RICK: How can we, Karin, when both Jess and Dr. Evans are also in love with you? It would tear the team apart!
Credit: DC Comics
While I can appreciate the audacity of inserting a love rectangle into a kids’ comic, it gets a little tiresome when this scene plays out in every Suicide Squad tale. Just bone already and let the backseat geniuses deal with it like grownups.
Credit: DC Comics
Now, I try not to editorialize too much in these columns and maybe I’m being a mite harsh on these stories. They’re certainly not without their Silver Age charm and Andru’s crisp art is a plus and if read as they were published - in month-to-month, 8 to 12 page doses in those anthology titles - I’m sure they would delight. But when you read them back to back, you’ll wish you had a nano-explosive in your own brain you can clearly see the “rinse and repeat” formula in practice. (The same could be said of virtually every Superman story of the period, although those writers sure bent over backwards finding new ways for Lois to try and prove Clark is Superman and/or trick him into marriage.)
Credit: DC Comics
But obviously the formula worked because the Suicide Squad and its heroic leader (who apparently did finally “express his love” for Karin as they are revealed to have a son together) were resurrected and retooled by writer John Ostrander and artist Luke McDonnell in the Post-Crisis DC of the 1980s. Backdoored into the 1987 Legends miniseries (as was George Perez’s new take on Wonder Woman), we at last meet a semblance of the team you kids of today (who insist on crossing my lawn without my consent) will recognize. Amanda Waller puts Rick Flag Jr. in charge of a new Task Force X comprised of DC villains including at least three that have made it to the silver screen: Deadshot, Captain Boomerang, and the Enchantress. But, as you would imagine, the roster does change from time to time as the less-than-heroic heroes try to bail or simply become victims of the “impossible” missions they’re given. Finally, thanks to Ostrander, we had a concept and a comic worthy of the title Suicide Squad.
Credit: DC Comics
Which just goes to show how, sometimes, reimaginings can be a positive thing that doesn’t necessarily have to erase or dishonor what’s come before.

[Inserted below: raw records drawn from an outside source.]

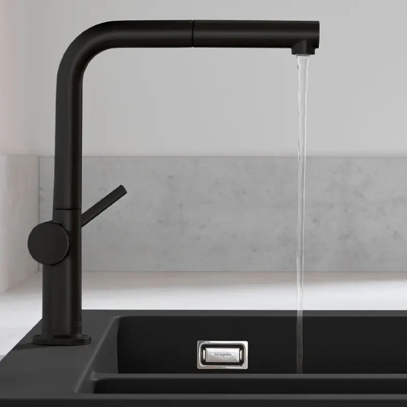Hansgrohe Talis M54 270 u mat crnoj završnici predstavlja savršen izbor za moderne i industrijske kuhinje. Minimalistički dizajn i elegantna silueta čine ovu slavinu centralnim vizuelnim elementom u prostoru. Mat crna boja daje snažan kontrast i luksuzan izgled.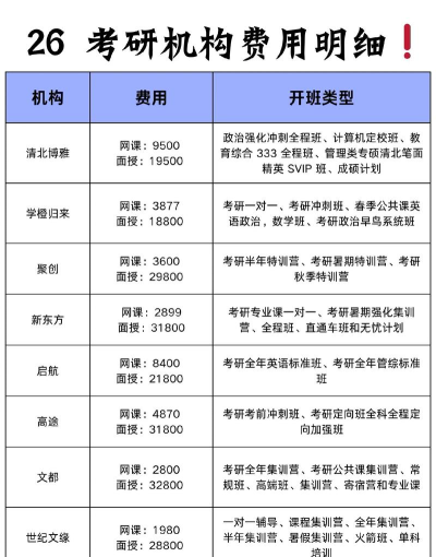 总结 :主流机构普通班和进阶班费用集中在1880-4980元之间,建议根据自身基础和需求选择,并关注课程内容与课时安排。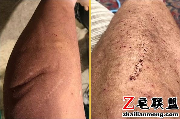 自己时常在网上发文,自己与外星人打架后受伤的地方,甚至还有一张武士刀与疑似外星人血迹的照片。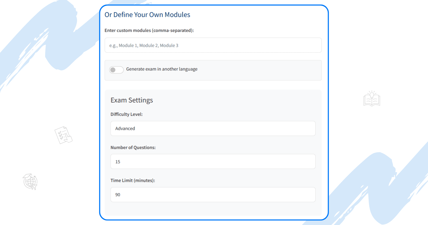 - If your audience speaks another language, no worries—PrepareBuddy lets you generate the exam in multiple languages.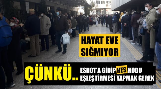 İzmir Büyükşehir Belediyesi toplu ulaşımda Hayat Eve Sığar (HES) kodu zorunluluğu getirdi. Toplu ulaşımda kullanılan Kentkart'a HES kodu eşleştirmesi için verilen süre bu hafta doluyor. Bu nedenle ESHOT bürosu önünde uzun kuyruklar oluştu.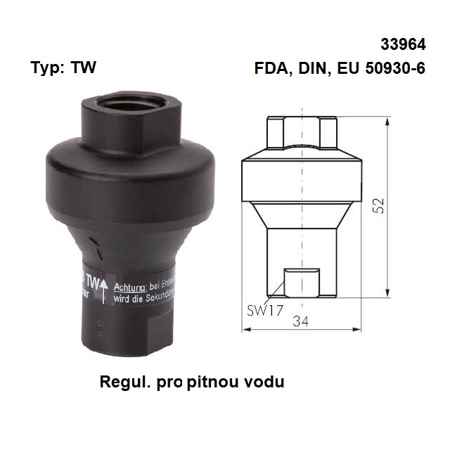 Jedno směrný ventil pro přímou redukci tlaku v provedení MS nebo PA66. Výběr položek dle parametrů redukčního tlaku. S nastaveným tlakem výrobce nelze již manipulovat. Médium: Voda (také pro pitnou voda a tekuté potraviny lze dodat z materiálu PA66, dle TKW).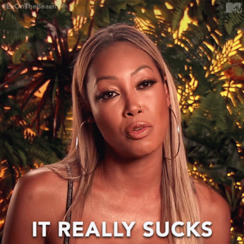 A woman expresses her strong dislike, stating 'It really sucks' in a tropical setting.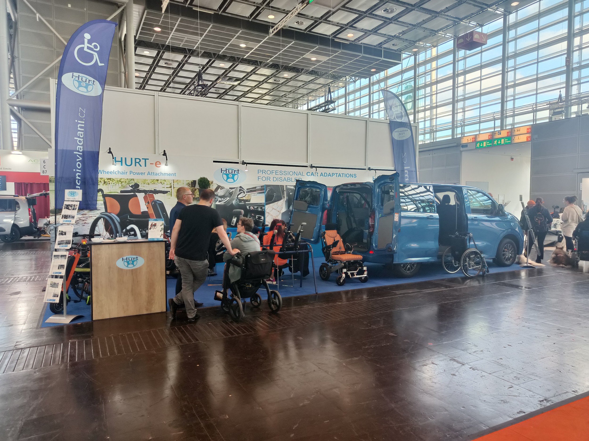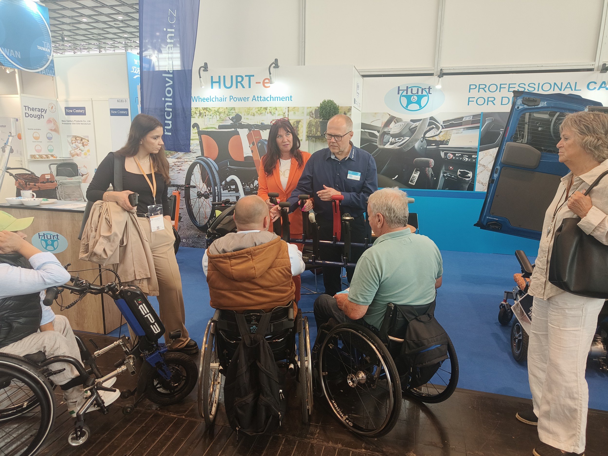 - Ukázku všech typů pohonu vozíku HURT-e, včetně představení nové varianty HURT-e Elegance, která má odnímatelnou baterii v hliníkovém pouzdru v barvě tubusu.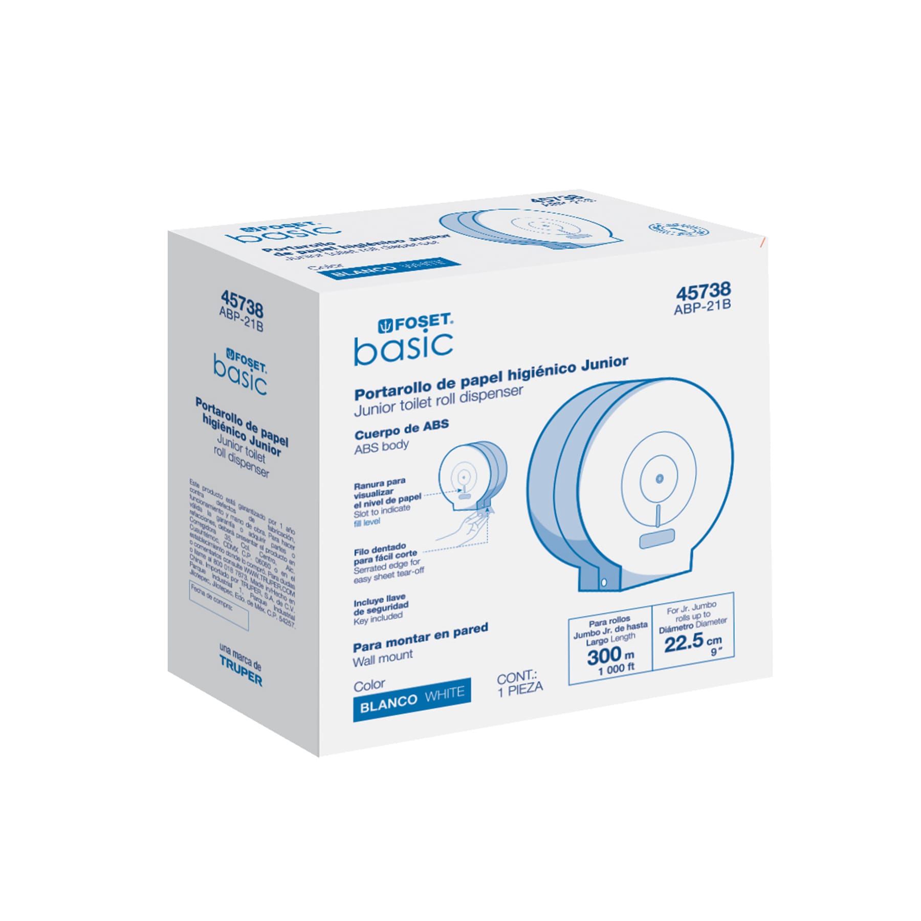 Portarollo junior de ABS, blanco, Foset Basic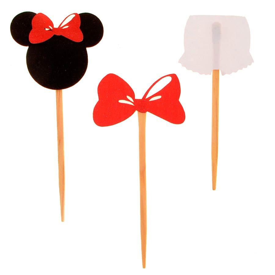 Esse enfeite conta com palitos em madeira e figuras em papel colorido recortado, representando a adorável personagem Minnie Mouse. A embalagem contém 06 unidades, proporcionando uma decoração encantadora para seus doces.
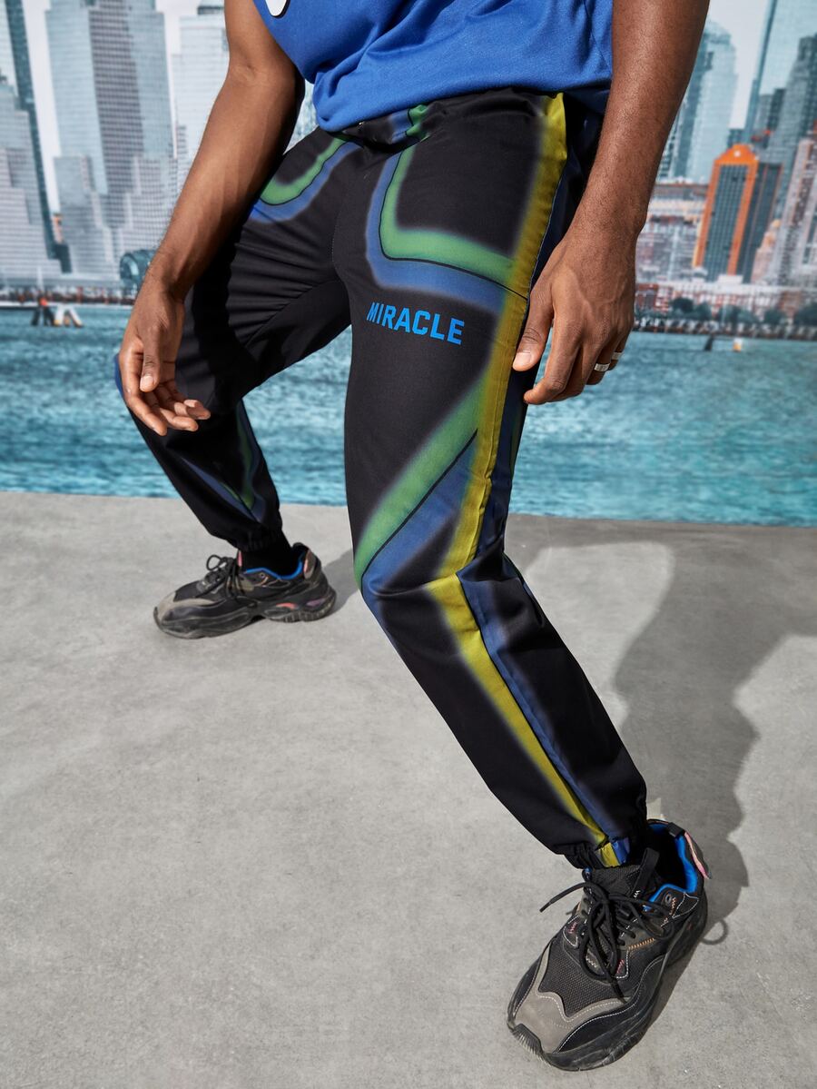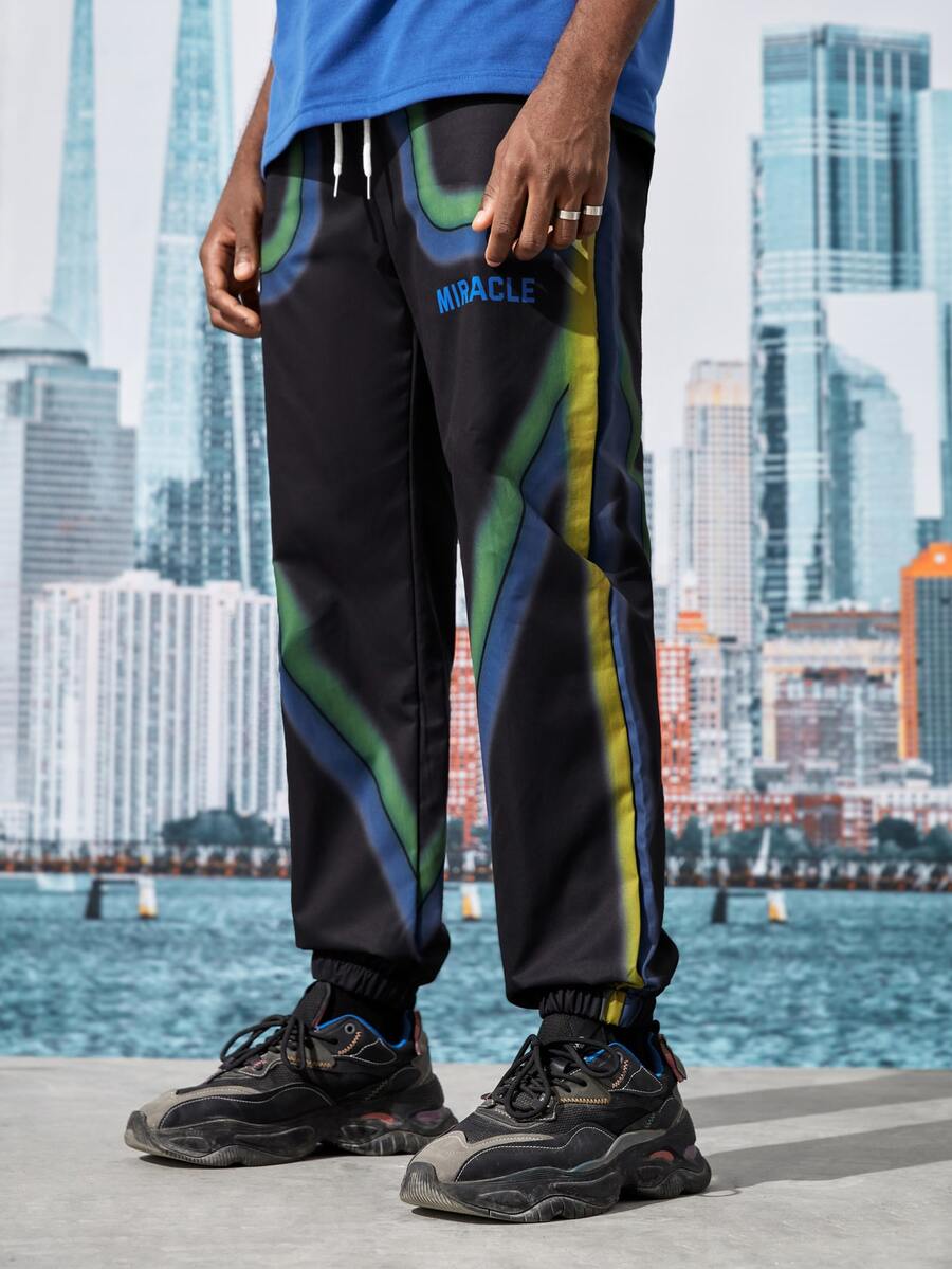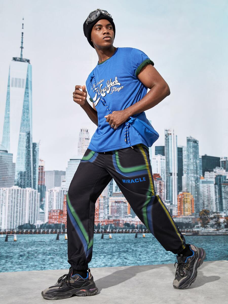 Street Life Hombres Pantalones con estampado de letra de cintura con cordón

Rick, Karin, Jess, and Dr. Evans still did their (repetitive) thing, still saved us all from proto-kaiju (good band name) before Amanda Waller showed up with her bold idea for a new Task Force X. And that proves, again, how malleable our comics universes are. No idea is too frickin’ goofy or unsalvageable. Maybe any concept can be reworked into gold by someone as brilliant as a John Ostrander. Maybe all it would take to reinvigorate, say, the Challengers of the Unknown is James Gunn and the shoehorning in of one Harley Quinn.
Credit: DC Comics
Hey, that’s pretty brilliant…. Call me, DC!
* By issue #8 of their title, Kirby was gone and the Challengers limped along without him with artist Bob Brown taking the visual reins - for twelve more years!